What you need to do: Every line from the one with "담수생태계, 기후변화와 환경교란" up to and including the one with "Прицел HD 1-6X24" is to be output exactly as it appears below; pictures are not.

Source material:
• • • •

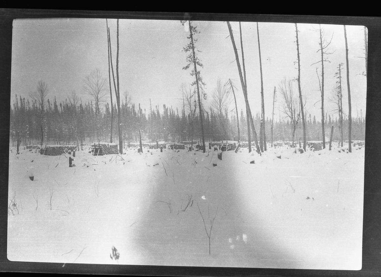 Billots de bois dans une zone déforestée
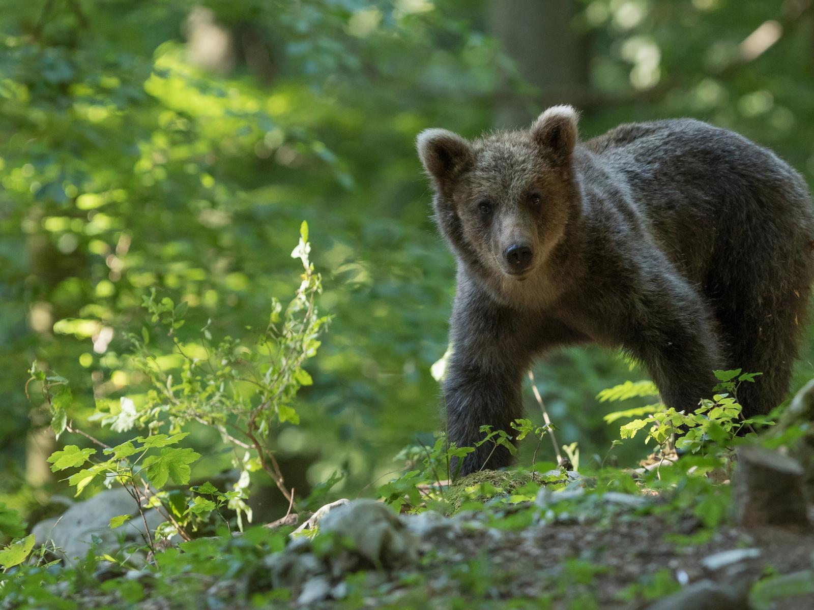 Обои Маленький бурый медвежонок стоит на поляне с белыми цветами
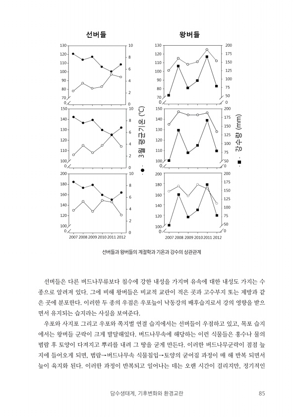 담수생태계, 기후변화와 환경교란 85 선버들과 왕버들의 계절학과 기온과 강수의 상관관계 선버들은 다른 버드나무류보다 침수에 강한 내성을 가지며 유속에 대한 내성도 가지는 수 종으로 알려져 있다. 그에 비해 왕버들은 비교적 교란이 적은 곳과 고수부지 또는 제방과 같 은 곳에 분포한다. 이러한 두 종의 우점은 우포늪이 낙동강의 배후습지로서 강의 영향을 받으 면서 유지되는 습지라는 사실을 보여준다. 우포와 사지포 그리고 우포와 쪽지벌 연결 습지에서는 선버들이 우점하고 있고, 목포 습지 에서는 왕버들 군락이 크게 발달해있다. 버드나무속에 해당하는 이런 식물들은 홍수나 물의 범람 후 토양이 다져지고 뿌리를 내려 그 땅을 굳게 만든다. 이러한 버드나무군락이 점점 늪 지에 들어오게 되면, 범람→버드나무속 식물침입→토양의...
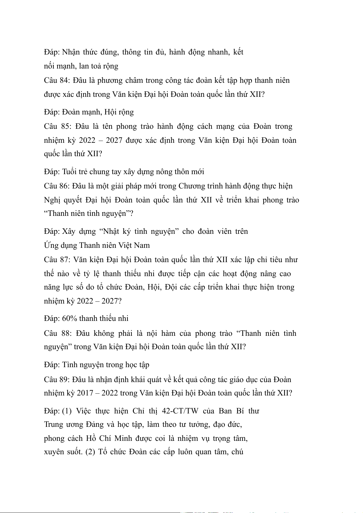 năng lực số do tổ chức Đoàn, Hội, Đội các cấp triển khai thực hiện trong nhiệm kỳ 2022 – 2027? Đáp: 60% thanh thiếu nhi Câu 88: Đâu
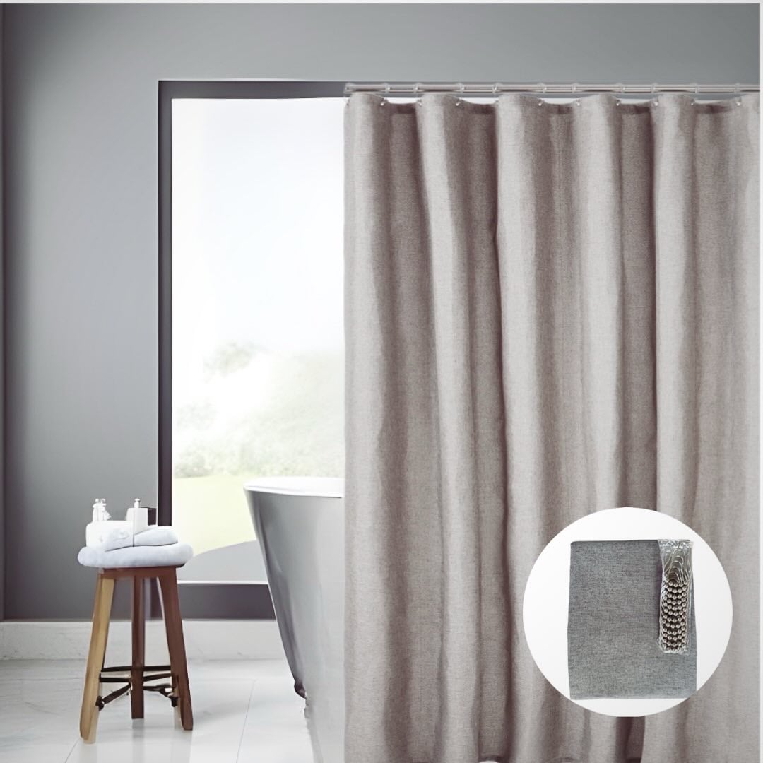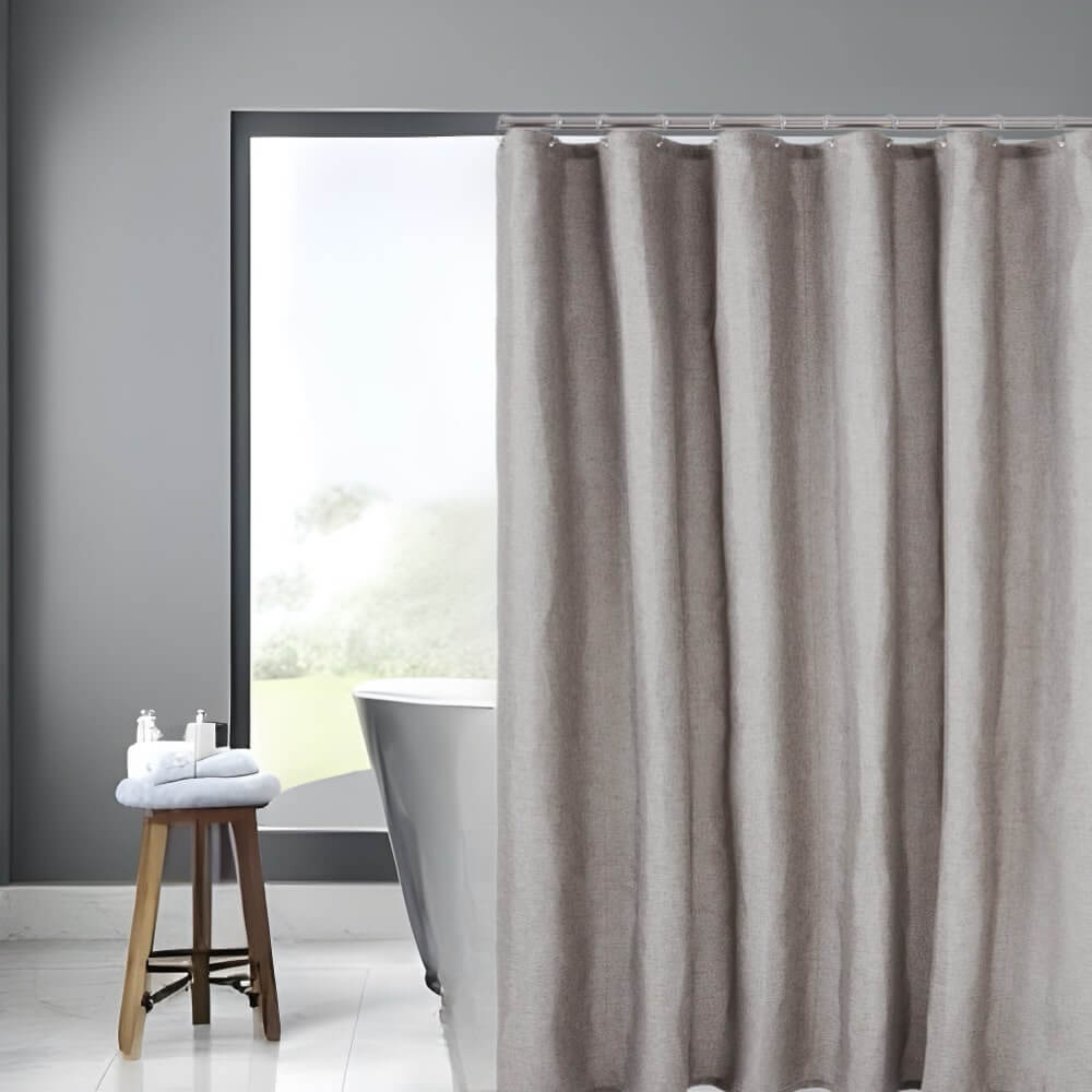 - Belægning på materialet i Grå badeforhæng hørlook sikrer et vandtæt materiale
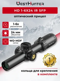 Прицел HD 1-6X24 IR SFP сетка копытце с моноблоком
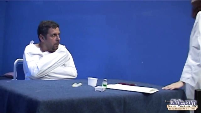 - Description: The lady doctor has scheduled an examination of her insane patient in order to prescribe him the best treatment. She orally examines him, the whole lengths of his penis is studied thoroughly. Oldje's reflexes need to be tested, also his senses. Especially touching. But since his hands are tied in restrain, his tongue does all the job, when his doctor lands her pussy on his face. The lady doctor teases only the tip of his dick and he craves to get in, right to the balls. For now he will be in submission, waiting for the moment when she will release him. Then the party starts. She is fucked standing up from behind, her ass stretched for the whole meat to fit her tight pussy. Payback time for oldje, he gets his ways with her, fills her face and hair with her sperm and locks her in the cell. Now that's a happy end! For one of them at least..
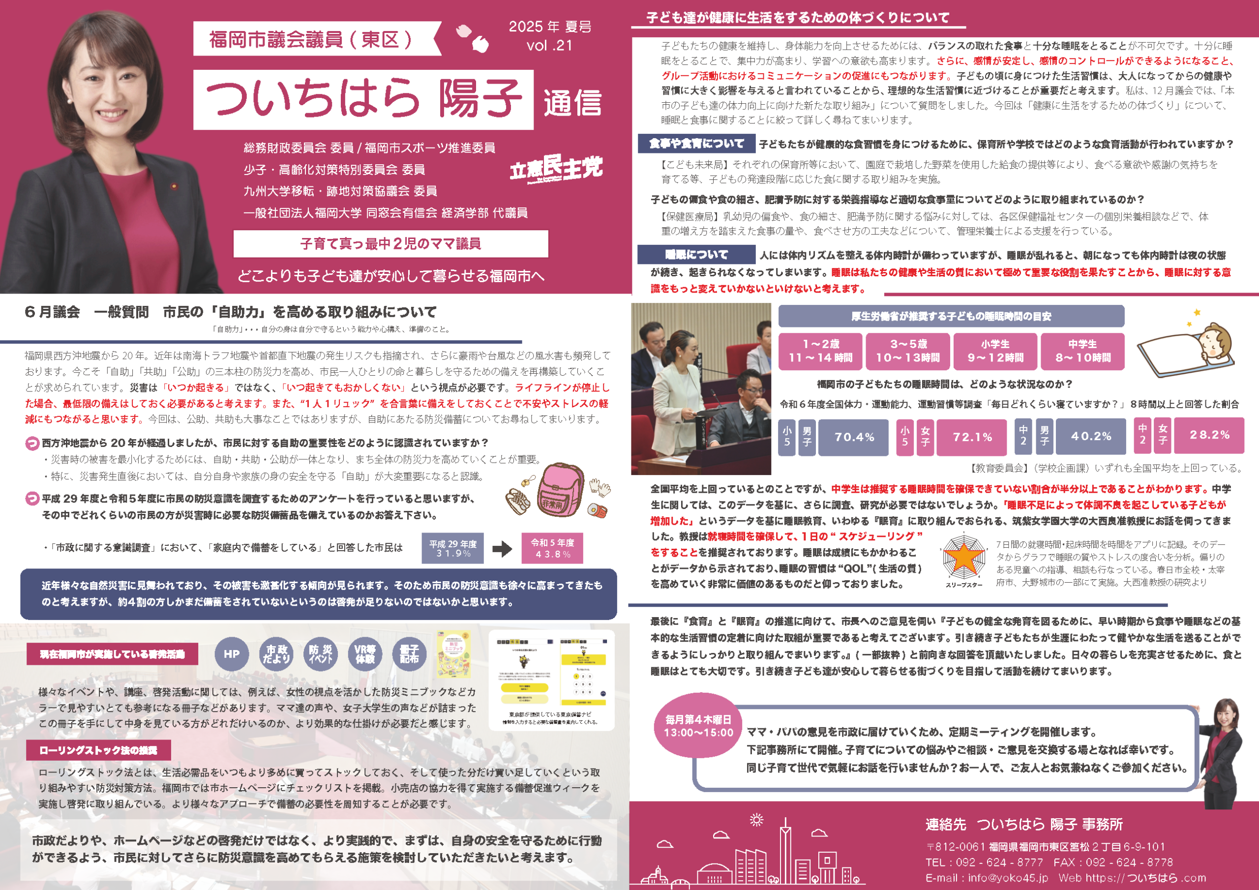 ついちはら陽子 通信(2025年新夏号 vol.21)を発行しました。

• • • •

Written answer:
 담수생태계, 기후변화와 환경교란 85 선버들과 왕버들의 계절학과 기온과 강수의 상관관계 선버들은 다른 버드나무류보다 침수에 강한 내성을 가지며 유속에 대한 내성도 가지는 수 종으로 알려져 있다. 그에 비해 왕버들은 비교적 교란이 적은 곳과 고수부지 또는 제방과 같 은 곳에 분포한다. 이러한 두 종의 우점은 우포늪이 낙동강의 배후습지로서 강의 영향을 받으 면서 유지되는 습지라는 사실을 보여준다. 우포와 사지포 그리고 우포와 쪽지벌 연결 습지에서는 선버들이 우점하고 있고, 목포 습지 에서는 왕버들 군락이 크게 발달해있다. 버드나무속에 해당하는 이런 식물들은 홍수나 물의 범람 후 토양이 다져지고 뿌리를 내려 그 땅을 굳게 만든다. 이러한 버드나무군락이 점점 늪 지에 들어오게 되면, 범람→버드나무속 식물침입→토양의...
 năng lực số do tổ chức Đoàn, Hội, Đội các cấp triển khai thực hiện trong nhiệm kỳ 2022 – 2027? Đáp: 60% thanh thiếu nhi Câu 88: Đâu
 - Belægning på materialet i Grå badeforhæng hørlook sikrer et vandtæt materiale
 Прицел HD 1-6X24 IR SFP сетка копытце с моноблоком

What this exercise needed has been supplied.